Fazil grunted. “It will take more than a single cut to kill your daughter,” he grunted, taking a seat among the cushions. “If the Sun Eater could not do it, a man like Malik did not have even a prayer.”
“I will be fine,” Ismet assured her father. “The ride to Ma?īn will be enough time for the wound to close.”
“That is not normally how such things work,” Arkan protested. “Moving will only break the wound open again, over and over.”
“I am an Exarch,” Ismet said. “It will heal. What were our losses?”
“At least two hundred dead,” her father said. “And as many again wounded.”
Ismet closed her eyes.

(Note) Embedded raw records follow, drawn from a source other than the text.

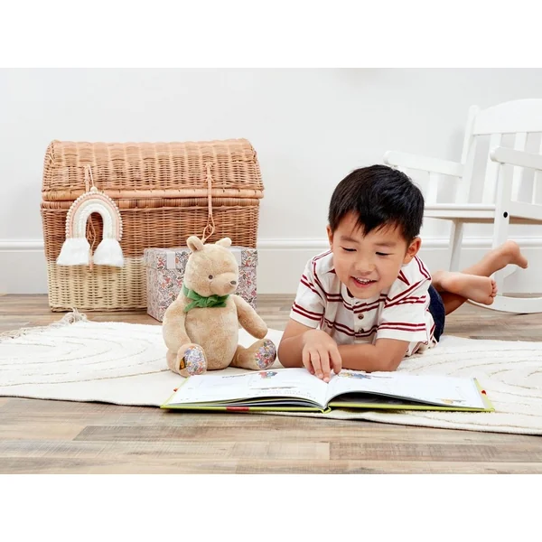 Créez une amitié qui durera toute une vie. Cet adorable ours en peluche est le compagnon idéal pour un bébé. Un classique des peluches qui donne vie aux histoires fantaisistes d’A. A. Milne de la Forêt des Rêves Bleus. L’ours porte une écharpe verte stylée nouée autour du cou et ses pattes présentent un joli motif inspiré de la forêt.
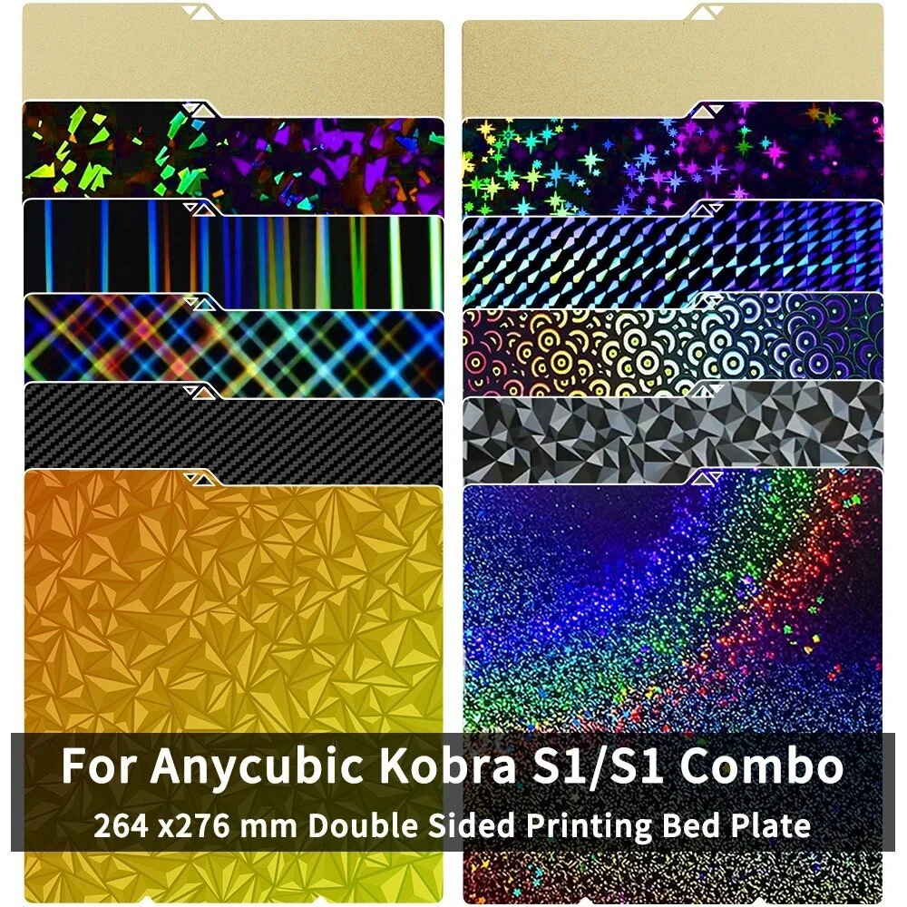 Especificaciones:Nombre del producto: Placa de impresión de doble caraTipo: PEI+PEI / PEO+PEY / PEY+PEY / PET+PEO / PEI+PET / PEI+PEO / H1H+H1HTamaño: 264x276mmCompatible con: Anycubic Kobra s1/ kobra s1 combo/s1cDoble cara: ambas caras pueden ser impresas.Características: Diseño de doble cara: ofrece superficies PEY lisas o superficies PEI texturizadas para aplicaciones de impresión versátiles.2. Eliminación de impresiones sin esfuerzo: Un ligero flexionamiento desprende las impresiones de manera limpia sin necesidad de herramientas adicionales.3. Excelente adherencia: el recubrimiento de PEI permite una adherencia óptima para múltiples tipos de filamento durante la impresión.4. Mantenimiento simple: la capa de PEI se puede limpiar y reutilizar fácilmente, asegurando un rendimiento duradero.5. Amplia compatibilidad: Apta para imprimir PLA, PETG, TPU, ABS y más en una variedad de rangos de temperatura.6. Efectos visuales únicos: Los patrones están diseñados para transferirse a las impresiones para obtener resultados llamativos y de aspecto profesional.Incluye:1x placa de impresión doble cara
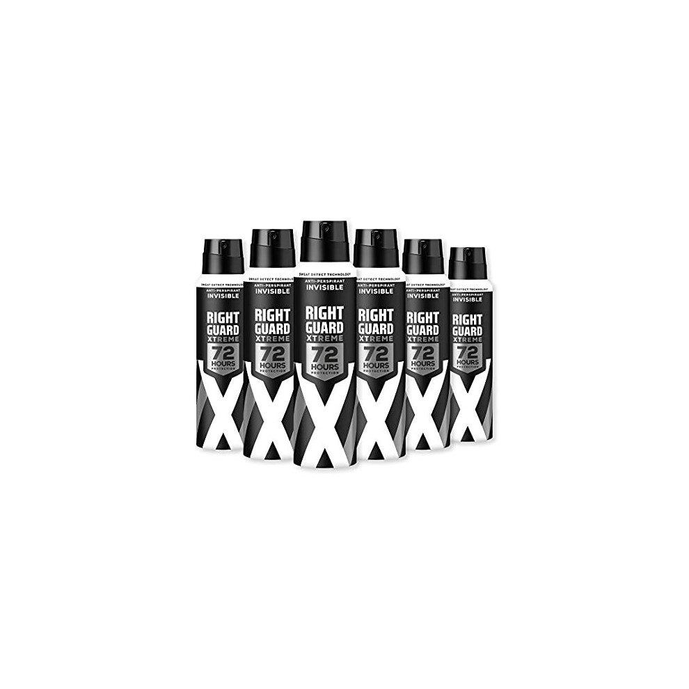Right Guard Mens Deodorant, Xtreme Invisible 72H High-Performance Anti-Perspirant Spray, Multipack 6 x 150 ml
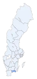 In Blau ein rotbewehrter silberner Löwe. Symbol: Es existieren mehrere Theorien über die Herkunft des Löwen. Nach der einen Theorie geht er auf Herzog Bengt Algotsson im 14. Jahrhundert zurück, nach der anderen auf das Königswappen von Karl X Gustav, den Eroberer der Provinz. |
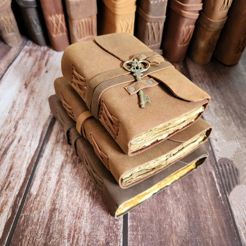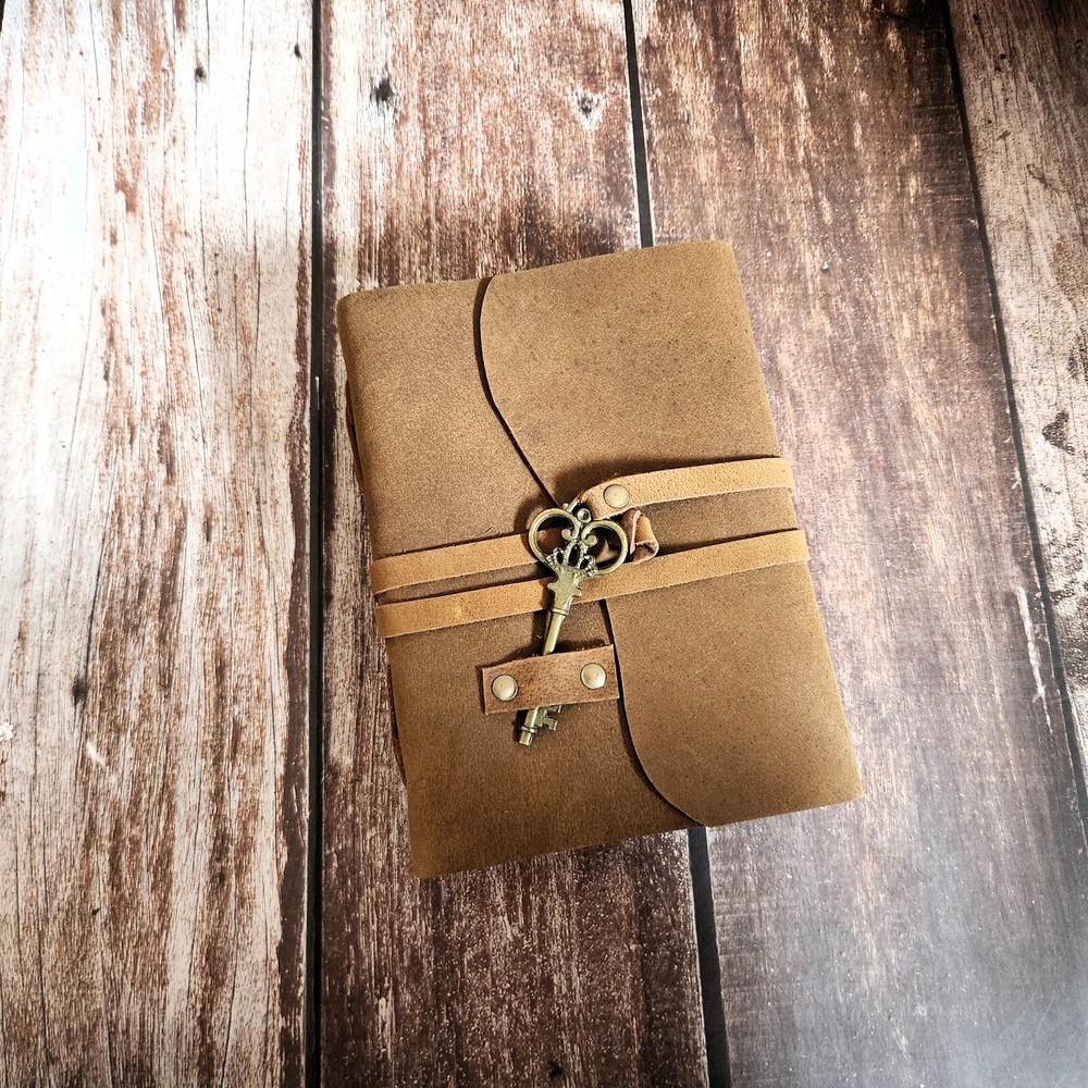 Brown Journal Leather Journal with Leather Lace & Key Dream Journal, Writing Journal, Wedding gift, Notebook, sketchbook, Personalized Gift. 1. This exquisite brown leather journal is the perfect accessory for anyone looking to capture their dreams, thoughts, or sketches in style. The journal features a beautiful leather lace closure and a vintage-style key on top, adding a touch of elegance and charm to its design. 2. With 200 deckle pages, this journal provides ample space for writing, drawing, or even scrapbooking. It is a versatile piece that can be used as a dream journal, writing journal, wedding gift, notebook, or sketchbook, making it a thoughtful and personalized gift for any occasion. 3. Crafted from high-quality leather, this journal is not only durable but also ages beautifully over time, developing a unique patina that adds to its character. Whether you're a writer, artist, or someone who simply loves to jot down their thoughts, this leather journal with a key is sure to inspire creativity and become a cherished keepsake for years to come.
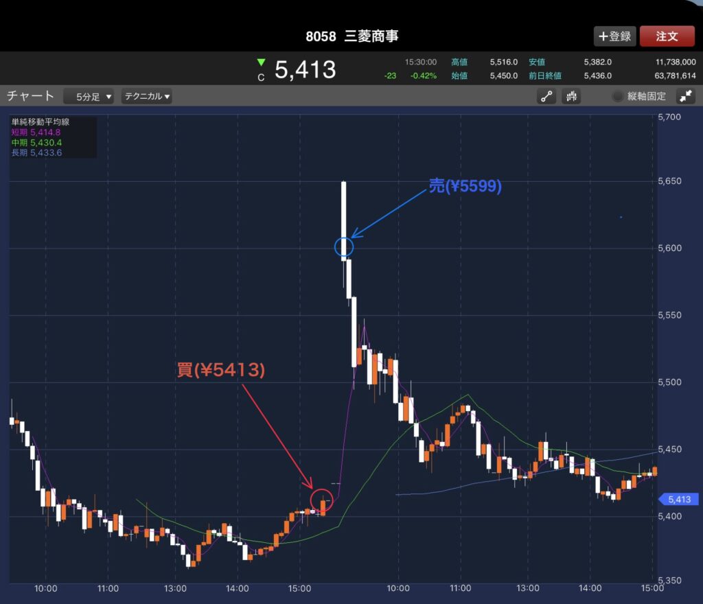 結果的には、どちらもしっかり上昇したので、寄り付き後すぐに売却しました
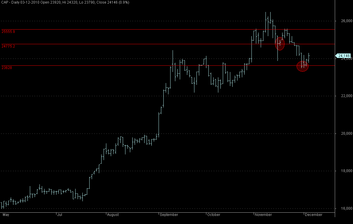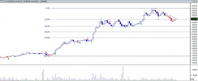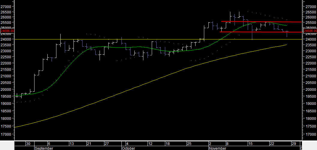 lo que si se logro colocar por sobre 24,000 que fue la recientencia anterior y que debiese actuar como soporte.
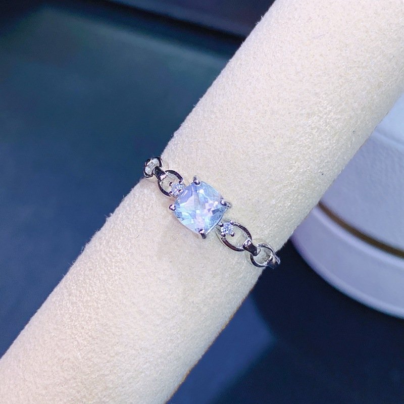 S925 Silver 5x5mm Aquamarine Rings Nutural Gemstone Jewelry Wholesale 674663265577xi
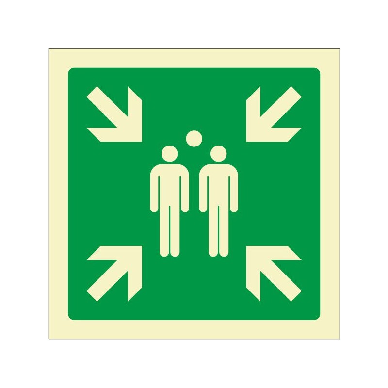 Señalización IMO–Vinilo ó PVC–EVACUACION PUNTO–15x15cm

That was half her host.
“However,” Fazil broke in, “tell her the rest.”
Arkan leaned forward. “Nearly the entire garrison surrendered. What’s more, most of them stayed out of the fighting entirely. They remained in their bunks and barred the doors. Most of what we fought were the reinforcements from the capital. And, Exarch, they will join us.”
“Join us?” Ismet blinked, unable to comprehend.
“Malik killed their commander,” her father explained. “And we came under the light of two Angelus. We will leave our wounded to hold the pass, and take Rizqullah ibn Zayyan’s men with us to Ma?īn. Ismet, we will march with more men than before we reached the pass. We will bring over a thousand soldiers against the traitors.”
Ismet exhaled. It was better than she’d had any right to expect. “Let the men sleep and eat,” she said. “And treat the wounded. Then, we march.”